### [How to complete this task]
Please transcribe the data that follows exactly as given, leaving out every picture.

▼

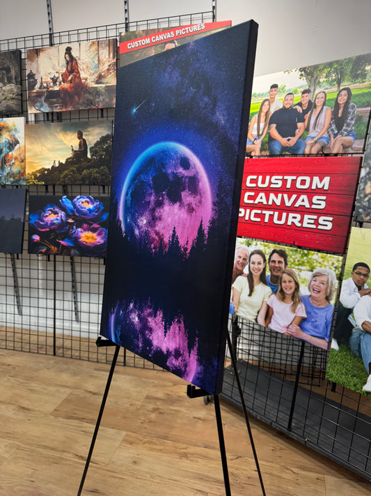 Pink Neon Moon with Reflection Canvas Print
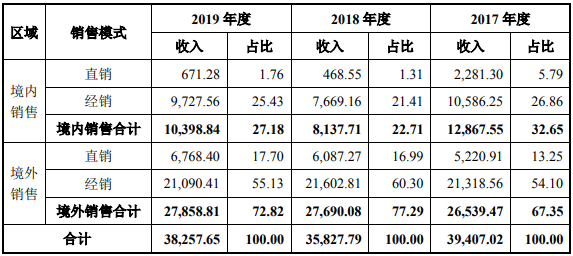 此外,根据招股书披露,2017年至2019 年,康泰医学对美国收入占外销业务收入比例分别为 31.37%、29.25% 和 25.30%,各国收入中美国业务收入占公司外销业务收入比例最高。同时,招股书第21页也披露了公司的外销收入占公司全年收入来源7成左右的份额。
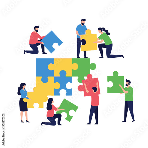 Teamwork puzzle collaboration, people assembling jigsaw pieces, business strategy and solution concept
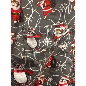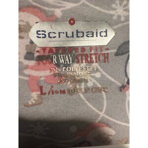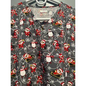 Scrubaid Women L Santa Snowman Print Stretch Top Slinky Poly Spandex Holiday
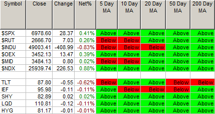 Moving Average Table: 73% from 87% of Equities are Positive, and 76% from 92% of Bonds are Positive.
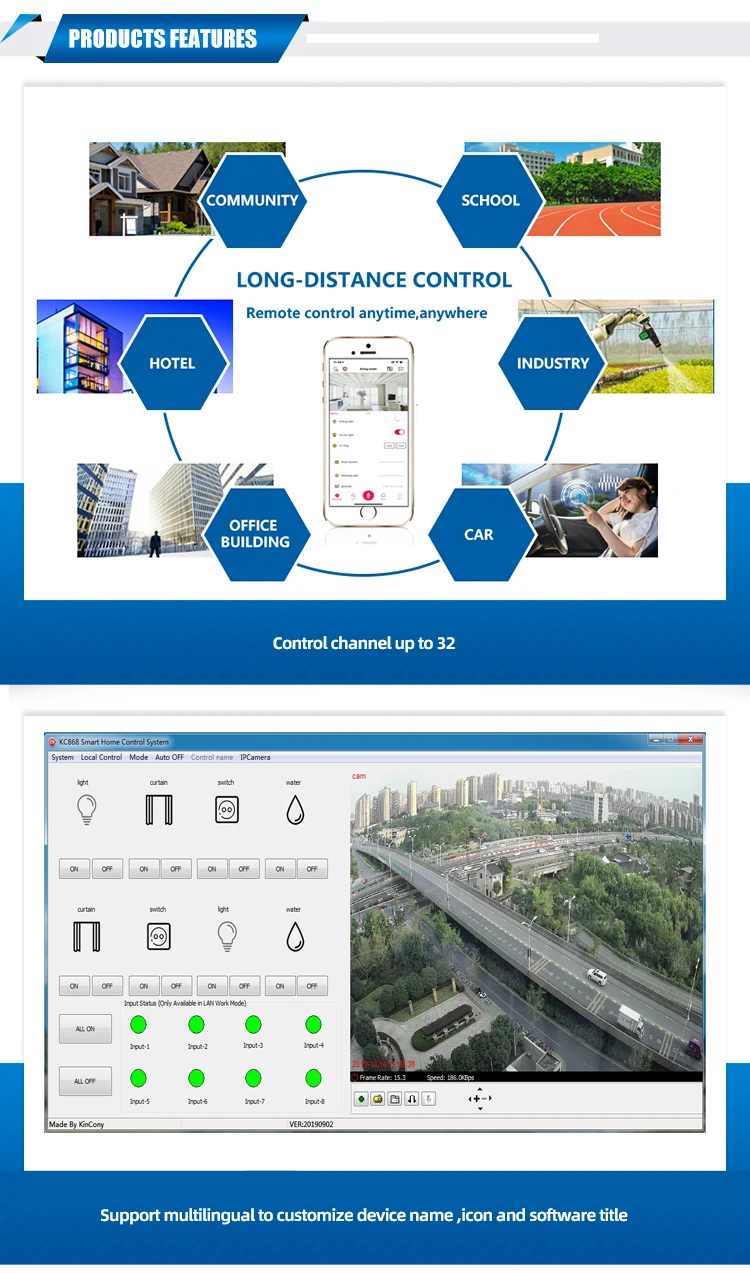 A. Перед продажей Услуги Q1. Сколько приложений может управлять устройством KC868-H32? Ответ: 32 способа применения Q2. Сколько входов имеются ли в устройстве KC868-H32? Ответ: 6-путь входного сигнала Q3. Сколько входов имеются ли в устройстве KC868-H32? Ответ: Вы можете добавить 2 шт kc868-h32 в приложении. Затем вы можете управлять 64 реле. Также, если вы добавили 3 шт. kc868-h32, вы можете контролировать 96 реле. И так далее. Все контроллеры будут добавлены в одну учетную запись приложения, не нужно менять учетную запись приложения для входа в систему и управления устройством. В4. Какова максимальная нагрузка на канал для kc868-h32 устройства? Ответ: 250 В/5A каждый канал В5.что делать, если мощность нагрузки больше номинальной мощности? Ответ: если он перегружен, внешнее высокомощное реле переменного тока может быть подключено к складу общей мощности нагрузки В6. Какой тип оборудования может быть подключен к входу блока управления kc868-h32? Ответ: оборудование имеет значение для переключения сигнала В7. Какой размер kc868-h32 блока управления? Каковы фиксированные методы установки? Ответ: 272x117x40 мм; Для фиксации путем подвешивания на рельсе непосредственно или для фиксации винтом Q8.какие интерфейсы поддерживает блок управления kc868-h32? Ответ: поддержка интерфейса RS232 и Ethernet Q9. Есть ли версия Wi-Fi? Ответ: Да. Это KC868-H32W. Q10. Каковы методы управления сетью для KC868-H32 коробок управления? Ответ: мобильный телефон с пультом дистанционного управления, ПК локальный или пульт дистанционного управления Локальный контроль: Программное обеспечение ПК; Контроль самостоятельно (Используйте протокол связи управления ler) Пульт дистанционного управления: Программное обеспечение ПК; Мобильное приложение; Управление самостоятельно (режим A: http www веб-командный режим B: кодирование самостоятельно в соответствии с вашим Учетная запись приложения для входа в систему) В11.какие типы программного обеспечения и руководства пользователя могут быть предоставлены? Ответ: инструмент сетевой конфигурации, демонстрационное программное обеспечение, инструкции и дополнительный протокол разработки и т. д. для получения более подробной информации, пожалуйста Посетите www.kincony.com/document для загрузки Q12. В тех случаях, когда нет подключения к Интернету, как дистанционный пульт устройства KC868-H32? Ответ: В локальной сети, с помощью ПК для достижения локального дистанционного управления; Или с помощью беспроводного Интернет-маршрутизатора для обеспечения проводной Для управления сигналами сети или Wi-Fi. Q13. В тех случаях, когда мобильный телефон приложение программное обеспечение может быть легко загрузить из? Ответ: для IOS, войдите в Apple app store, выполните поиск 【Kincony smart home】 для загрузки; Для Android, войдите в Google app store, Searches【Kincony smart home】 для загрузки или посещения официального сайта для сканирования QR для загрузки B. Развития самостоятельно Q1. Поддерживает ли он пользователей, чтобы писать свои собственные программы для управления устройством? Ответ: Да, поддержка. И сопутствующий пример программы является avialble. Q2. Поддерживает ли он управление устройством через браузер? Ответ: Да, поддержка. И может быть предоставлен один соответствующий чехол. Q3. Каковы способы дистанционный пульт устройства в тех случаях, когда пользователи программы сами? Ответ: программное обеспечение для ПК, браузер для управления. Q4. Это при условии,
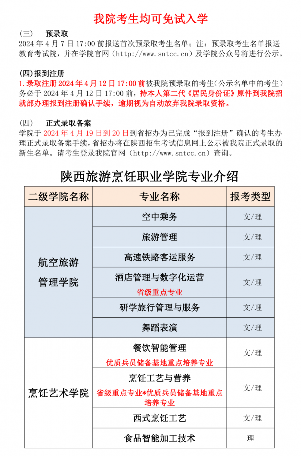 文化素质测试时间:3月20日14:30-16:30 2024年4月7日17:00前报送首次预录取考生名单;注:预录取考生名单报送教育考试院,并在学院官网(http://www.sntcc.cn)及学院公众号将进行公示。 1.录取注册2024年4月12日17:00前被我院预录取的考生(公示名单中的考生)务必于2024年4月12日17:00前,持本人第二代《居民身份证》原件到我院招就部办理报到注册确认手续,逾期视为自动放弃我院录取资格。 学院于2024年4月19日到20日到省招办为已完成“报到注册”确认的考生办理正式录取备案手续,省招办将在陕西招生考试信息网上公示被我院正式录取的新生名单。请考生登录我院官网(http://www.sntcc.cn)查询。
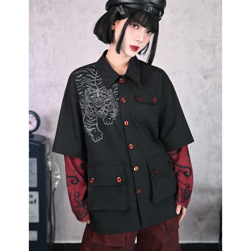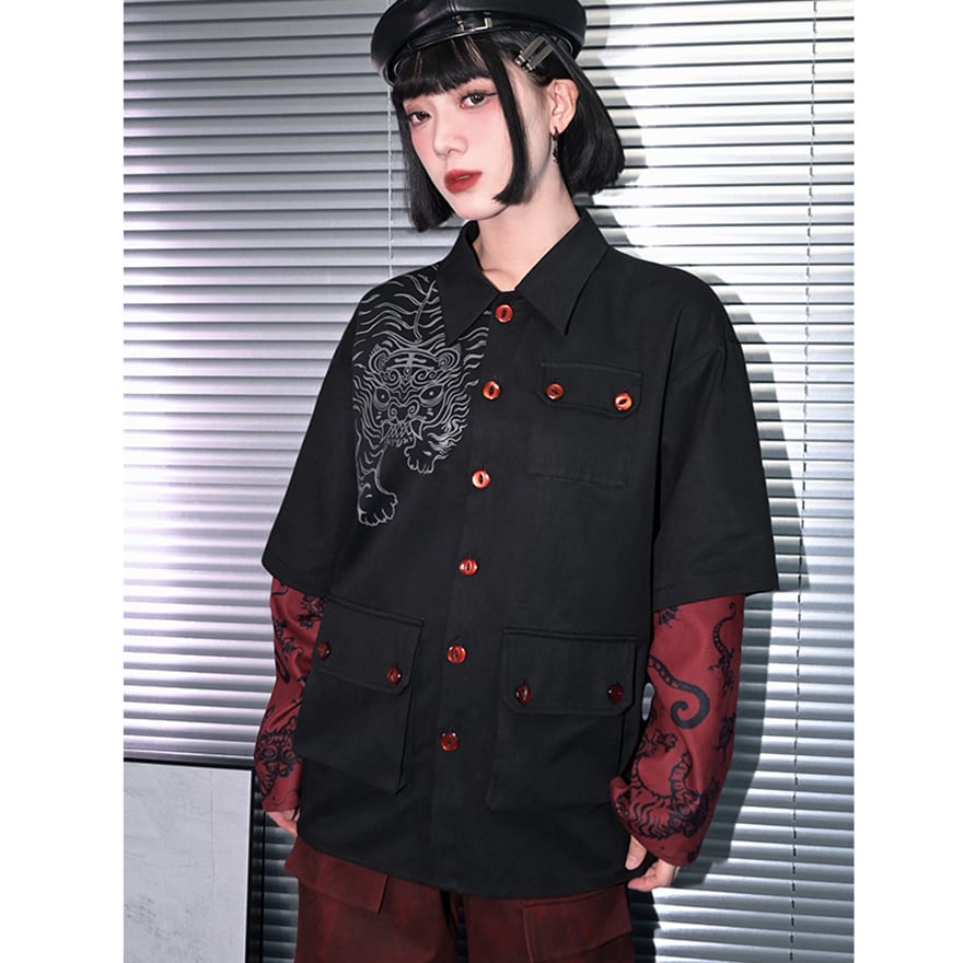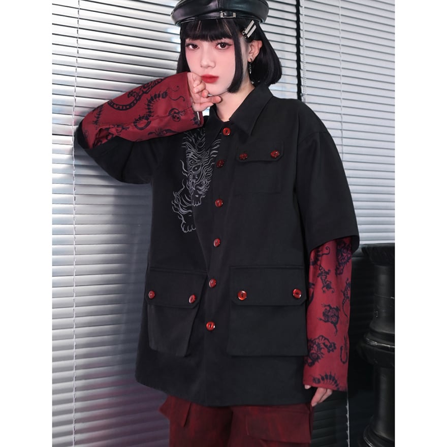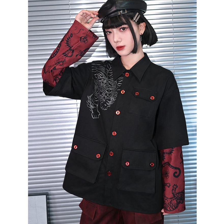 関連キーワード: #サブカル #地雷系 #ジャケット #ストリートファッション #中華風 #虎 #ミリタリー #フェイクレイヤード #重ね着風 #黒 #赤

▲

### [Written response]
 Pink Neon Moon with Reflection Canvas Print
 此外,根据招股书披露,2017年至2019 年,康泰医学对美国收入占外销业务收入比例分别为 31.37%、29.25% 和 25.30%,各国收入中美国业务收入占公司外销业务收入比例最高。同时,招股书第21页也披露了公司的外销收入占公司全年收入来源7成左右的份额。
 Teamwork puzzle collaboration, people assembling jigsaw pieces, business strategy and solution concept
 Scrubaid Women L Santa Snowman Print Stretch Top Slinky Poly Spandex Holiday
 Moving Average Table: 73% from 87% of Equities are Positive, and 76% from 92% of Bonds are Positive.
 A. Перед продажей Услуги Q1. Сколько приложений может управлять устройством KC868-H32? Ответ: 32 способа применения Q2. Сколько входов имеются ли в устройстве KC868-H32? Ответ: 6-путь входного сигнала Q3. Сколько входов имеются ли в устройстве KC868-H32? Ответ: Вы можете добавить 2 шт kc868-h32 в приложении. Затем вы можете управлять 64 реле. Также, если вы добавили 3 шт. kc868-h32, вы можете контролировать 96 реле. И так далее. Все контроллеры будут добавлены в одну учетную запись приложения, не нужно менять учетную запись приложения для входа в систему и управления устройством. В4. Какова максимальная нагрузка на канал для kc868-h32 устройства? Ответ: 250 В/5A каждый канал В5.что делать, если мощность нагрузки больше номинальной мощности? Ответ: если он перегружен, внешнее высокомощное реле переменного тока может быть подключено к складу общей мощности нагрузки В6. Какой тип оборудования может быть подключен к входу блока управления kc868-h32? Ответ: оборудование имеет значение для переключения сигнала В7. Какой размер kc868-h32 блока управления? Каковы фиксированные методы установки? Ответ: 272x117x40 мм; Для фиксации путем подвешивания на рельсе непосредственно или для фиксации винтом Q8.какие интерфейсы поддерживает блок управления kc868-h32? Ответ: поддержка интерфейса RS232 и Ethernet Q9. Есть ли версия Wi-Fi? Ответ: Да. Это KC868-H32W. Q10. Каковы методы управления сетью для KC868-H32 коробок управления? Ответ: мобильный телефон с пультом дистанционного управления, ПК локальный или пульт дистанционного управления Локальный контроль: Программное обеспечение ПК; Контроль самостоятельно (Используйте протокол связи управления ler) Пульт дистанционного управления: Программное обеспечение ПК; Мобильное приложение; Управление самостоятельно (режим A: http www веб-командный режим B: кодирование самостоятельно в соответствии с вашим Учетная запись приложения для входа в систему) В11.какие типы программного обеспечения и руководства пользователя могут быть предоставлены? Ответ: инструмент сетевой конфигурации, демонстрационное программное обеспечение, инструкции и дополнительный протокол разработки и т. д. для получения более подробной информации, пожалуйста Посетите www.kincony.com/document для загрузки Q12. В тех случаях, когда нет подключения к Интернету, как дистанционный пульт устройства KC868-H32? Ответ: В локальной сети, с помощью ПК для достижения локального дистанционного управления; Или с помощью беспроводного Интернет-маршрутизатора для обеспечения проводной Для управления сигналами сети или Wi-Fi. Q13. В тех случаях, когда мобильный телефон приложение программное обеспечение может быть легко загрузить из? Ответ: для IOS, войдите в Apple app store, выполните поиск 【Kincony smart home】 для загрузки; Для Android, войдите в Google app store, Searches【Kincony smart home】 для загрузки или посещения официального сайта для сканирования QR для загрузки B. Развития самостоятельно Q1. Поддерживает ли он пользователей, чтобы писать свои собственные программы для управления устройством? Ответ: Да, поддержка. И сопутствующий пример программы является avialble. Q2. Поддерживает ли он управление устройством через браузер? Ответ: Да, поддержка. И может быть предоставлен один соответствующий чехол. Q3. Каковы способы дистанционный пульт устройства в тех случаях, когда пользователи программы сами? Ответ: программное обеспечение для ПК, браузер для управления. Q4. Это при условии,
 文化素质测试时间:3月20日14:30-16:30 2024年4月7日17:00前报送首次预录取考生名单;注:预录取考生名单报送教育考试院,并在学院官网(http://www.sntcc.cn)及学院公众号将进行公示。 1.录取注册2024年4月12日17:00前被我院预录取的考生(公示名单中的考生)务必于2024年4月12日17:00前,持本人第二代《居民身份证》原件到我院招就部办理报到注册确认手续,逾期视为自动放弃我院录取资格。 学院于2024年4月19日到20日到省招办为已完成“报到注册”确认的考生办理正式录取备案手续,省招办将在陕西招生考试信息网上公示被我院正式录取的新生名单。请考生登录我院官网(http://www.sntcc.cn)查询。
 関連キーワード: #サブカル #地雷系 #ジャケット #ストリートファッション #中華風 #虎 #ミリタリー #フェイクレイヤード #重ね着風 #黒 #赤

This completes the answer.